Framelet Message Passing
- URL: http://arxiv.org/abs/2302.14806v1
- Date: Tue, 28 Feb 2023 17:56:19 GMT
- Title: Framelet Message Passing
- Authors: Xinliang Liu, Bingxin Zhou, Chutian Zhang, Yu Guang Wang
- Abstract summary: We propose a new message passing based on multiscale framelet transforms, called Framelet Message Passing.
It integrates framelet representation of neighbor nodes from multiple hops away in node message update.
We also propose a continuous message passing using neural ODE solvers.
- Score: 2.479720095773358
- License: http://creativecommons.org/licenses/by/4.0/
- Abstract: Graph neural networks (GNNs) have achieved champion in wide applications.
Neural message passing is a typical key module for feature propagation by
aggregating neighboring features.
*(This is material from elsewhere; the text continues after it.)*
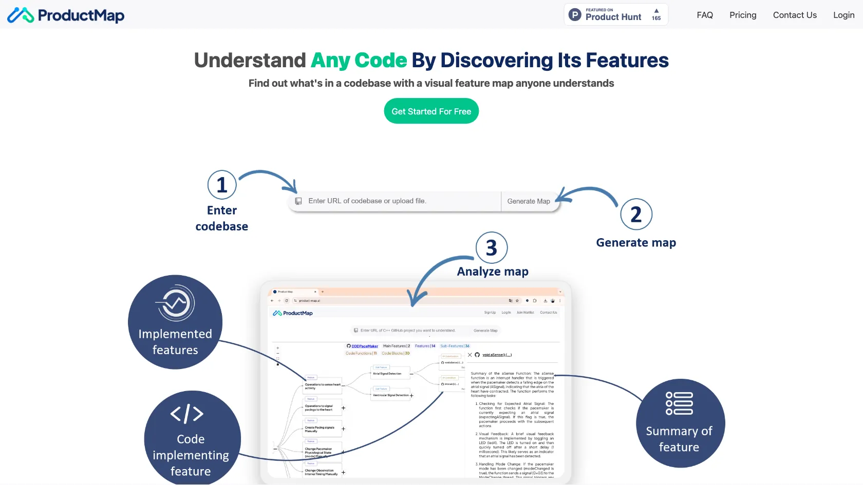 Product Map AI simplifies the process by enabling users to upload their codebase, which then generates a visual map showcasing features and functionalities. It is beneficial for teams aiming to enhance code documentation, educators instructing software concepts, and developers seeking rapid comprehension of new code.

In this work, we propose a new message
passing based on multiscale framelet transforms, called Framelet Message
Passing. Different from traditional spatial methods, it integrates framelet
representation of neighbor nodes from multiple hops away in node message
update. We also propose a continuous message passing using neural ODE solvers.
It turns both discrete and continuous cases can provably achieve network
stability and limit oversmoothing due to the multiscale property of framelets.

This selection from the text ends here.